JP6752023B2 - Boiler with spiral heat transfer tube - Google Patents

Description

The present invention relates to a boiler having a spiral heat transfer tube, and more specifically, by making a coil, which is a cylindrical heat transfer tube wall in which the heat transfer tube is spirally wound, double, to form an inner coil. The present invention relates to a boiler having a spiral heat transfer tube having an annular combustion gas passage between the outer coils and allowing combustion gas to flow through the combustion gas passage to heat the inner coil and the outer coil.

As described in Japanese Patent Application Laid-Open No. 52-29642, there is known a boiler in which a can body is formed by a cylindrical heat transfer tube wall in which a heat transfer tube is spirally wound.
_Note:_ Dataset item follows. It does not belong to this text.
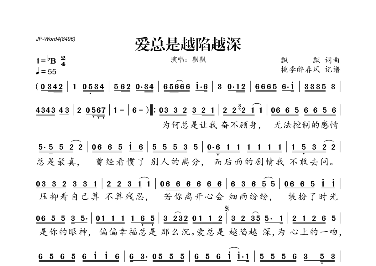 《爱总是越陷越深》是飘飘演唱的一首歌曲,拍号为2/4拍,歌曲速度为每分钟55拍,这份简谱共有一张高清图谱,图谱由 @桃李醉春风 编配上传。

This boiler has a double coil, which is a cylindrical heat transfer tube, and is installed with a gap between the inner coil and the outer coil to provide an annular combustion gas passage between the inner coil and the outer coil. .. The central part of the can body surrounded by the coil is used as a combustion chamber, and combustion is performed in the combustion chamber by a combustion device provided in the upper part of the combustion chamber, and the heat medium in the heat transfer tube is heated by the heat generated by the combustion. The lower part of the inner coil is installed with a space between it and the bottom of the combustion chamber, and the upper part of the outer coil is installed with a space between it and the upper part of the boiler, so that the combustion gas passage between the inner and outer coils is centered at the bottom. It connects to the combustion chamber on the side and connects to the exhaust stack that connects to the outside of the boiler at the top. The combustion gas generated in the combustion chamber enters the combustion gas passage from the bottom of the combustion chamber, and when it flows upward in the combustion gas passage, it heats the heat transfer tube facing the combustion gas passage and from the upper part of the combustion gas passage. It is discharged to the outside of the boiler.

In the boiler described in Japanese Patent Application Laid-Open No. 52-29642, a spacer having the same width as the passage is installed in the combustion gas passage. In a boiler that has a combustion gas passage between the inner coil and the outer coil installed in duplicate, the inner coil and the outer coil are assembled eccentrically, and if the width of the combustion gas passage differs depending on the location, the flow of the combustion gas is biased. , The amount of heat absorbed by the heat transfer tube is significantly reduced. If a spacer is installed and the distance between the inner coil and the outer coil is unified to the width of the spacer, the distance between the inner coil and the outer coil can be made constant, and the uneven flow of the combustion gas flow in the combustion gas passage is eliminated. The heat transfer tube facing the combustion gas passage can be efficiently heated.

When assembling this boiler, the heat transfer tube is usually bent by a pipe bender to make an inner coil and an outer coil, and the can body is formed by combining the inner coil and the outer coil. When installing a spacer between the inner and outer coils, either fix the spacer on the outside of the inner coil and then cover the outer coil, or insert the spacer after assembling the inner and outer coils. If the width is the same as the width of the combustion gas passage, there is a problem that the workability of assembly is deteriorated. On the other hand, if the width of the spacer is narrower than the width of the combustion gas passage, the effect as a spacer is reduced, and if the inner and outer coils are eccentric, the heat transfer efficiency is reduced.

Jikkai Sho 52-29642

An object to be solved by the present invention is to provide a boiler having a spiral heat transfer tube capable of both preventing eccentricity of the inner and outer coils and improving workability at the time of assembly.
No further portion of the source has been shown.